The buoyant E&E industry is among the sectors most negatively impacted, says senior minister
by DASHVEENJIT KAUR/ pic by MUHD AMIN NAHARUL
THE electrical and electronics (E&E) industry has incurred a cumulative loss of RM7.28 billion of GDP due to the Covid-19 pandemic.
Senior Minister (Economic Cluster) Datuk Seri Mohamed Azmin Ali said the buoyant E&E industry, which has been the mainstay and strength of the manufacturing sector and economy, was among the sectors most negatively impacted.
In his address for the Malaysia Productivity Corp webinar series yesterday, Azmin said the cumulative losses incurred by the sector are estimated at RM7.28 billion of GDP, while the impact to exports is estimated at RM29.12 billion.
“The E&E sector is the backbone of the country’s economy and remains a significant contributor totheGDP.
“Its contribution to GDP last year was RM81 billion, constituting 5.8% of the national GDP, while its exports amounted to RM380 billion,” he said.
He said the entire E&E industry in Malaysia, including local large companies, and small and medium enterprises, is part of the global supply chain.
“There is, therefore, no over-stressing the importance of the E&E sector in bolstering our economy.
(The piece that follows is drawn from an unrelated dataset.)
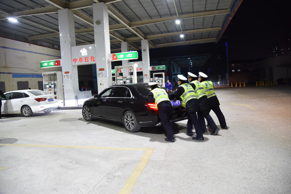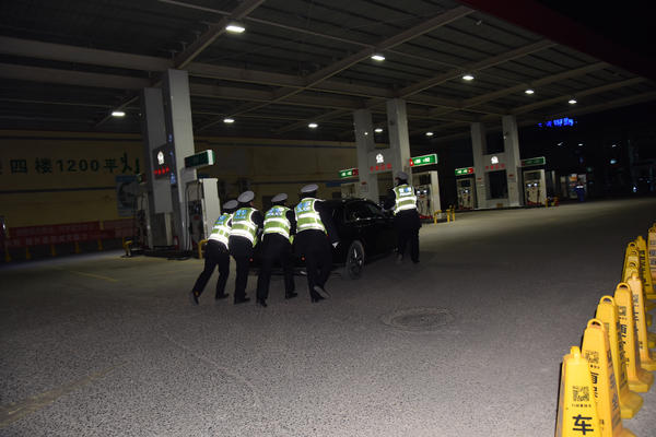 据该奔驰车司机讲,他晚上准备开车外出吃饭时,发现油箱里的油已经快用完了,想着家离加油站也不远,便开车往加油站赶,没想到行至此处,车里的油就耗光抛锚,幸亏遇到交警在此处执勤,帮他把车推到了加油站,否则麻烦就大了。(信息提供 张玉明 朱歌谣)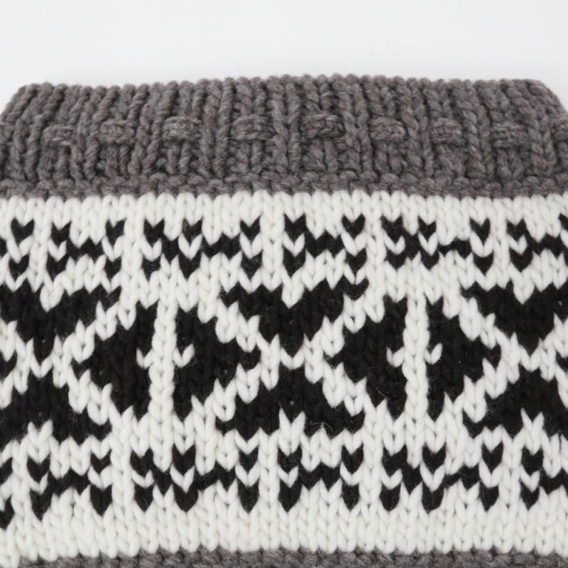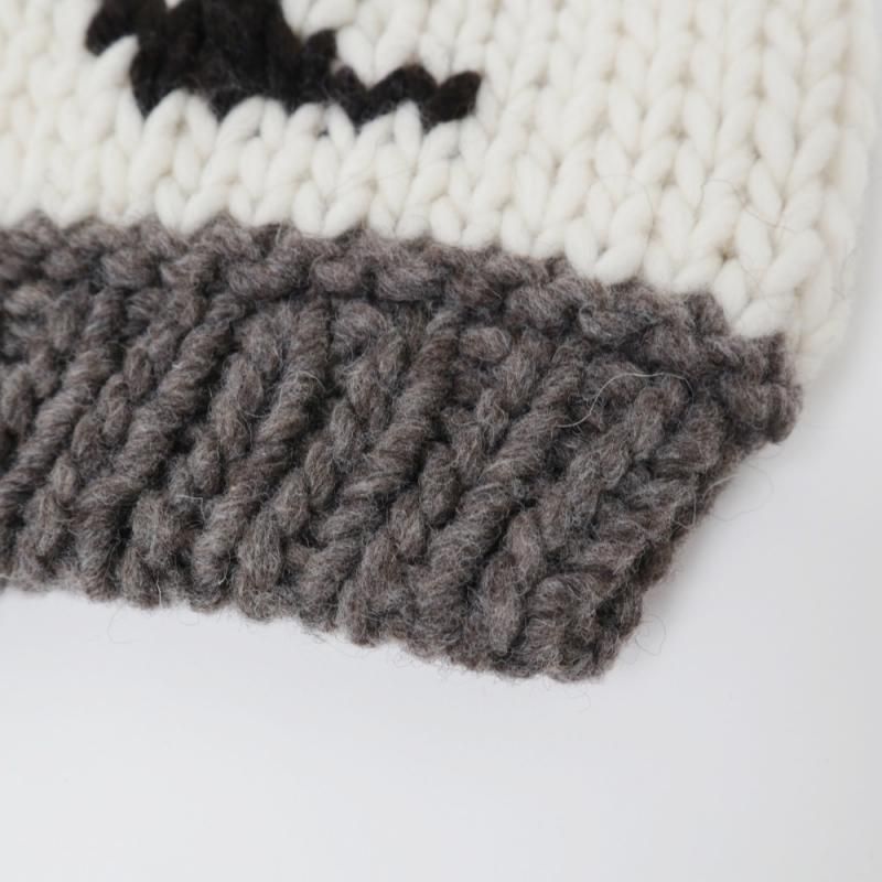 ブランド定番のウール100%極太のロービング糸を使って、ハンドメイドで編み上げたカウチンセーターです。

“At the same time, we need to stand back and take stock of its contribution and explore how best we can add value to it to ensure its strong and sustainable growth,” he added.
According to the Ministry of International Trade and Industry (MITI), Malaysia stands as the seventh- largest E&E exporter in the world today.
Azmin said the government is currently structuring cohesive short, medium and long-term plans to resuscitate the economy.
“The government has laid out a six-phase plan, called 6R, to achieve the medium and long-term goals, namely, resolve, resilience, restart, recovery, revitalise and reform.
“Resolve was when we implemented the Movement Control Order to control the spread of the virus and resilience was when we launched the RM260 billion Prihatin economic stimulus package,” he said.
The latest phase that is ongoing currently, is the restart phase where almost all economic sectors are allowed to operate.
“It bears repeating that no amount of stimulus can mitigate the huge loss of employment and income unless we open up.
“Following the restart phase is recovery where the government will announce a six-month short- term economic recovery plan by the end of May,” he said.
That will be followed by medium-term revitalisation that would be tabled in the 2021 budget in November.
Azmin said the last step, which is the reform (long-term phase), will be the 12th Malaysia Plan scheduled to be revealed in January 2021.
He also urged the business community to look at the challenges they are facing as an opportunity to add value to their business and that there is no better time than now to fast-track their digitalisation agenda, across all facets of their businesses.
“The fact is that Covid-19 has jolted us to the reality of how crucial and pervasive digitisation is and why we need it more than ever to future-proof our businesses.
“It will help us achieve sustainable economic growth while protecting the environment and the wellbeing of the people,” he added.